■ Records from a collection
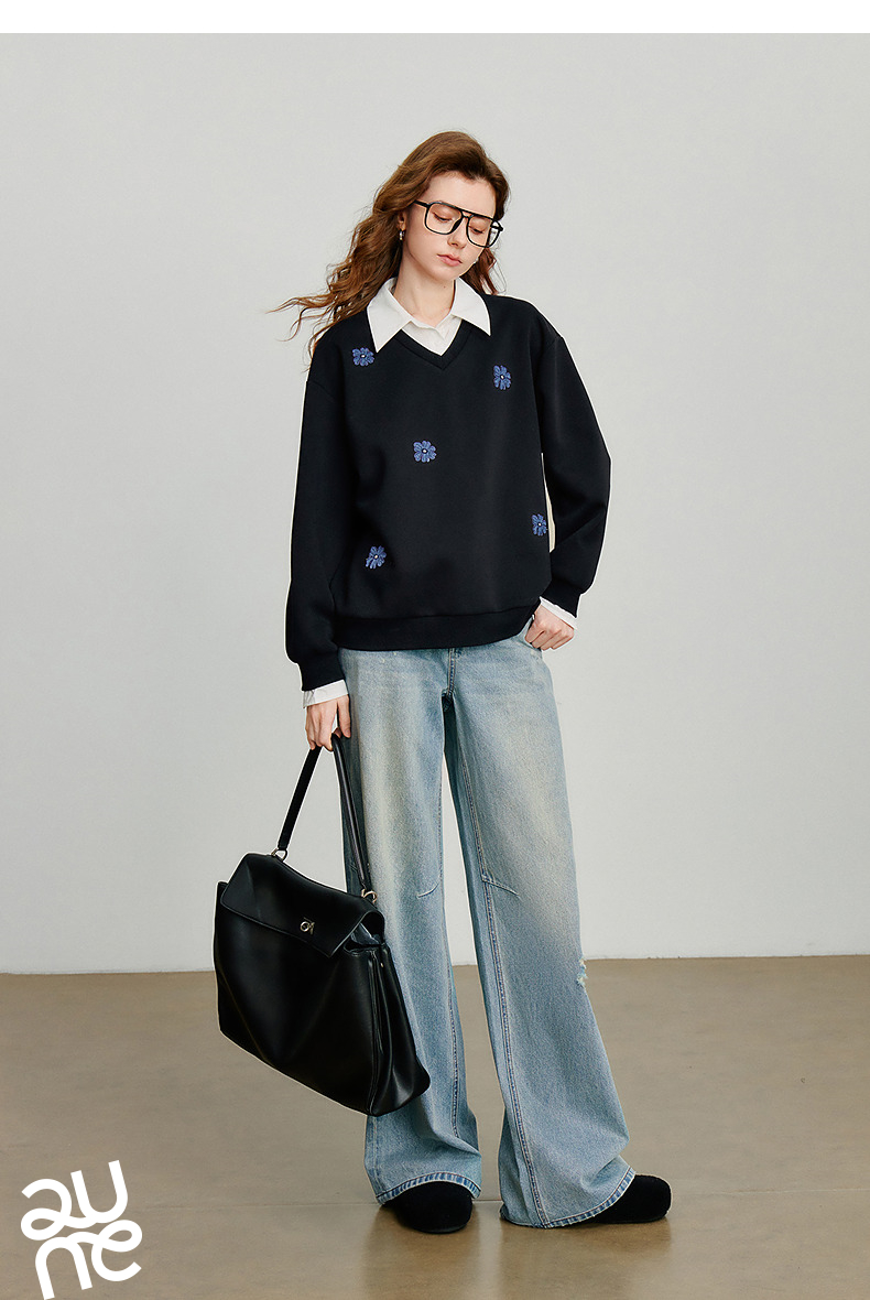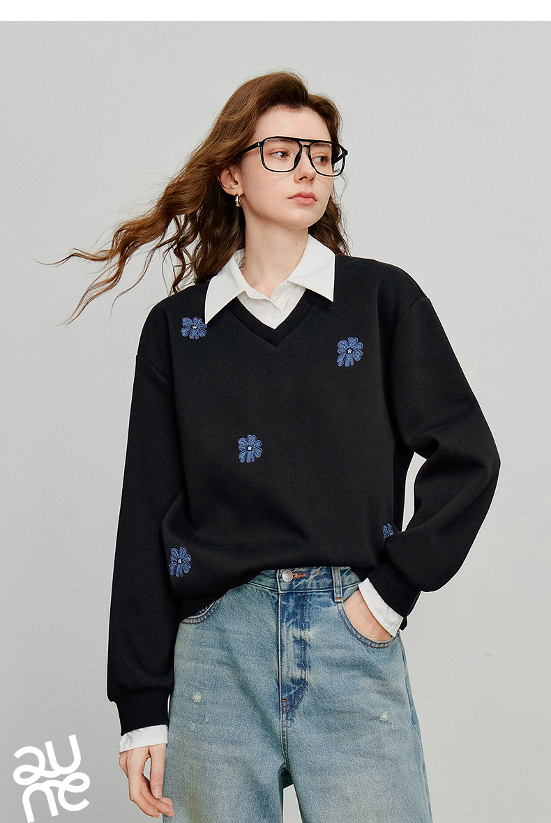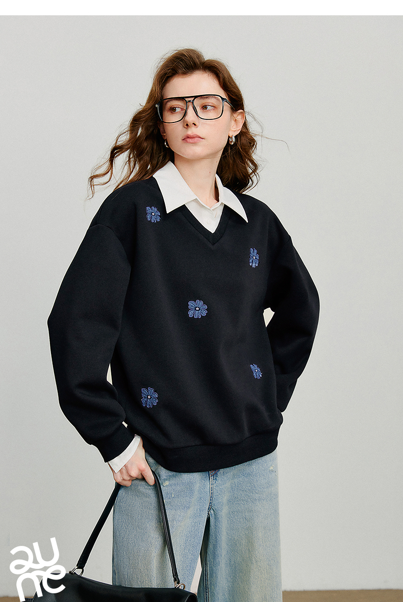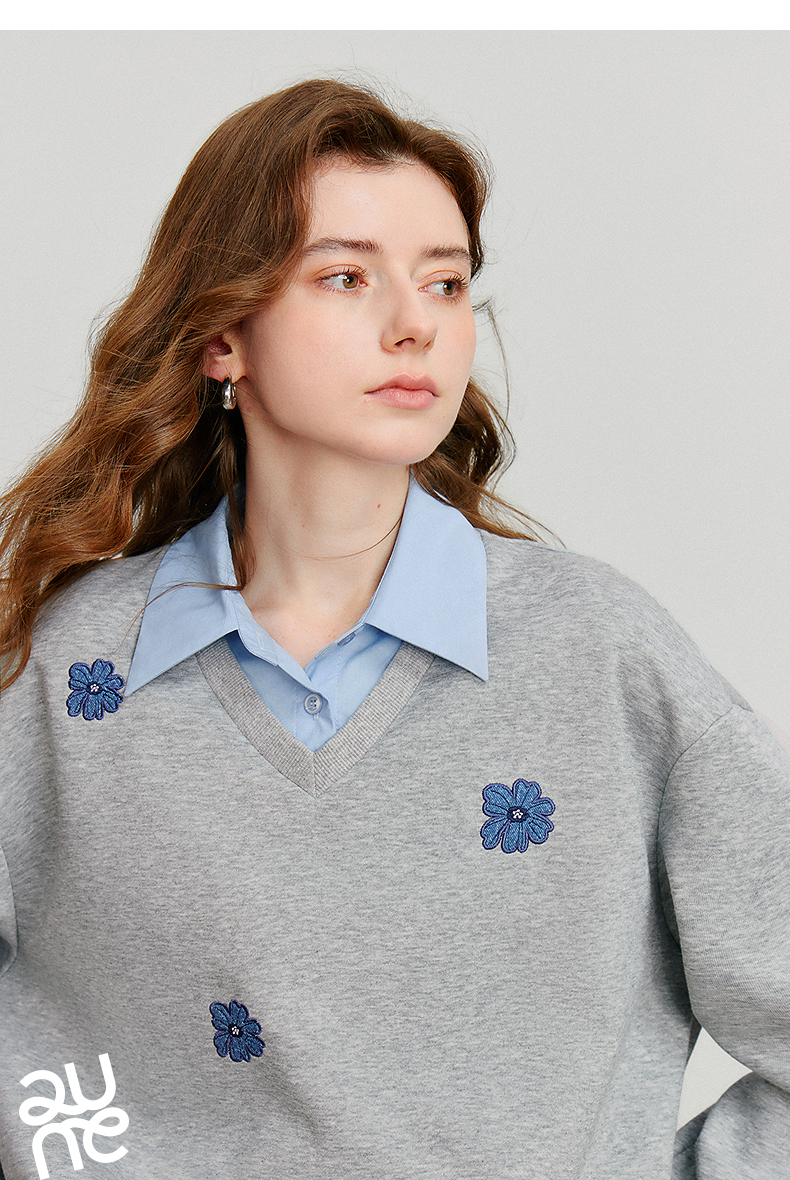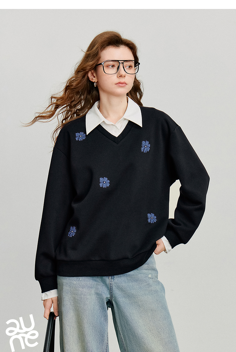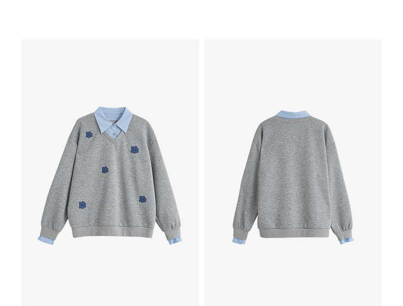 初语上衣女新款智性牛仔花棉质假两件休闲衬衫拼接卫衣
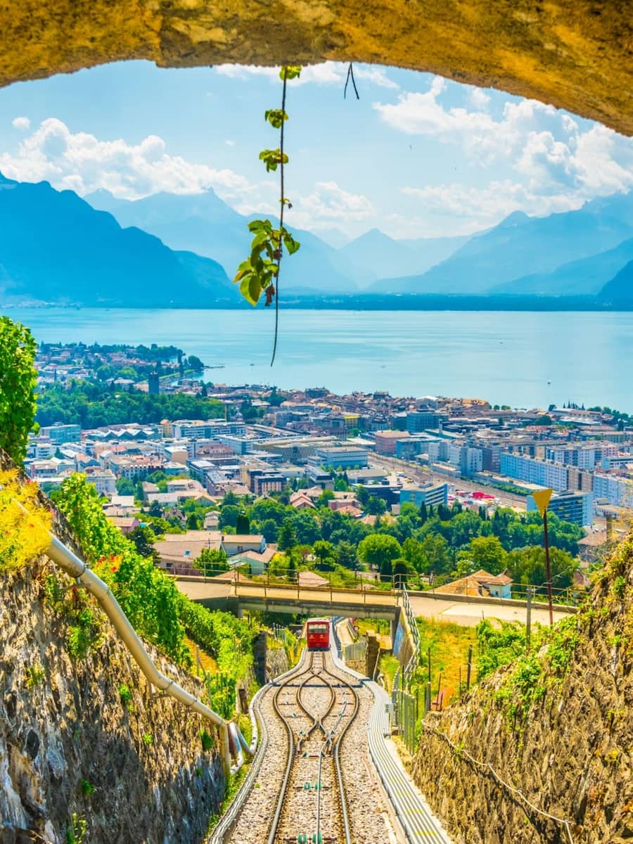 The funicular Vevey-Mont-Pèlerin is one of the best ways to reach the top of Mont Pèlerin for breathtaking views of Lake Geneva and the Swiss Alps. It’s a unique Swiss attraction and a must-do for any visitor to Switzerland.
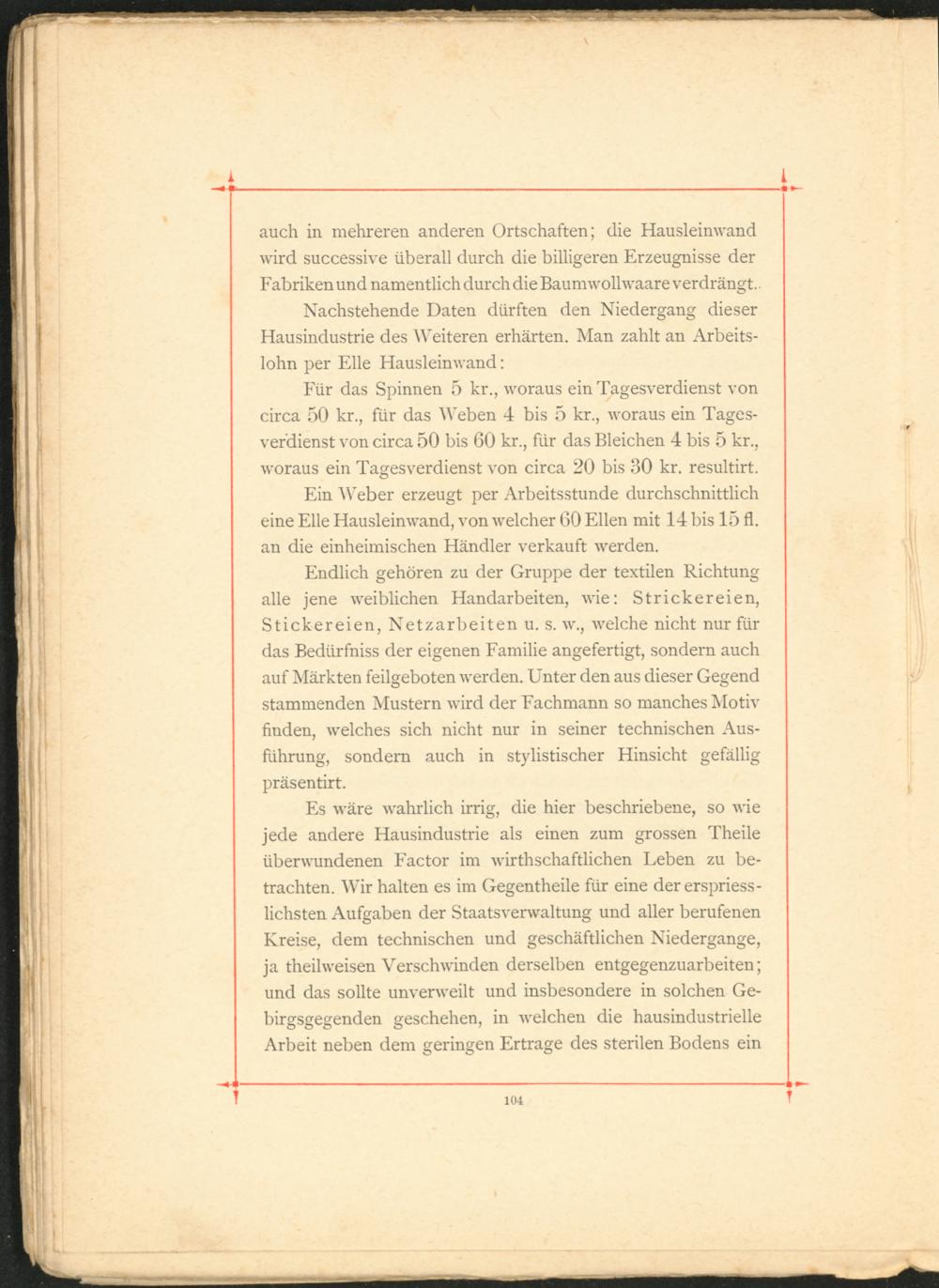 Es wäre wahrlich irrig, die hier beschriebene, so wie jede andere Hausindustrie als einen zum grossen Theile überwundenen Factor im wirthschaftlichen Leben zu betrachten. Wir halten es im Gegentheile für eine der erspriess- lichsten Aufgaben der Staatsverwaltung und aller berufenen Kreise, dem technischen und geschäftlichen Niedergange, ja theilweisen Verschwinden derselben entgegenzuarbeiten; und das sollte unverweilt und insbesondere in solchen Gebirgsgegenden geschehen, in welchen die hausindustrielle Arbeit neben dem geringen Ertrage des sterilen Bodens ein
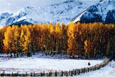 ▲第三张照片以雪为背景。白雪皑皑,四野茫茫,马背上的牛仔奔驰着跨越屏障,身后是一片泛黄的冬日树林。这一系列如田园风景画的照片,通过不同季节的景色呈现出电影般的回忆,不无讽刺地道出绘画中宏大的浪漫主义传统。
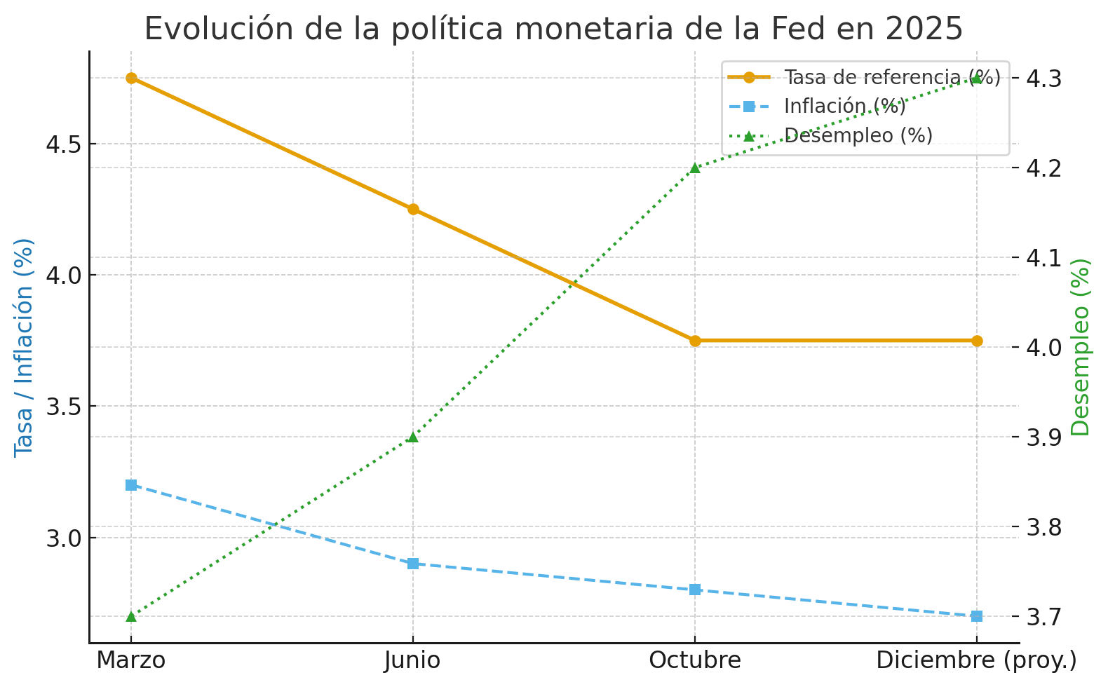 El motivo principal: aunque la actividad económica muestra cierto dinamismo, el mercado laboral ha empezado a perder impulso, y la inflación sigue por encima de la meta del 2 %. (www.federalreserve.gov)

■ What to produce
Leaving the pictures aside, write out the entries above exactly.

■ Your solution
 初语上衣女新款智性牛仔花棉质假两件休闲衬衫拼接卫衣
 The funicular Vevey-Mont-Pèlerin is one of the best ways to reach the top of Mont Pèlerin for breathtaking views of Lake Geneva and the Swiss Alps. It’s a unique Swiss attraction and a must-do for any visitor to Switzerland.
 Es wäre wahrlich irrig, die hier beschriebene, so wie jede andere Hausindustrie als einen zum grossen Theile überwundenen Factor im wirthschaftlichen Leben zu betrachten. Wir halten es im Gegentheile für eine der erspriess- lichsten Aufgaben der Staatsverwaltung und aller berufenen Kreise, dem technischen und geschäftlichen Niedergange, ja theilweisen Verschwinden derselben entgegenzuarbeiten; und das sollte unverweilt und insbesondere in solchen Gebirgsgegenden geschehen, in welchen die hausindustrielle Arbeit neben dem geringen Ertrage des sterilen Bodens ein
 ▲第三张照片以雪为背景。白雪皑皑,四野茫茫,马背上的牛仔奔驰着跨越屏障,身后是一片泛黄的冬日树林。这一系列如田园风景画的照片,通过不同季节的景色呈现出电影般的回忆,不无讽刺地道出绘画中宏大的浪漫主义传统。
 El motivo principal: aunque la actividad económica muestra cierto dinamismo, el mercado laboral ha empezado a perder impulso, y la inflación sigue por encima de la meta del 2 %. (www.federalreserve.gov)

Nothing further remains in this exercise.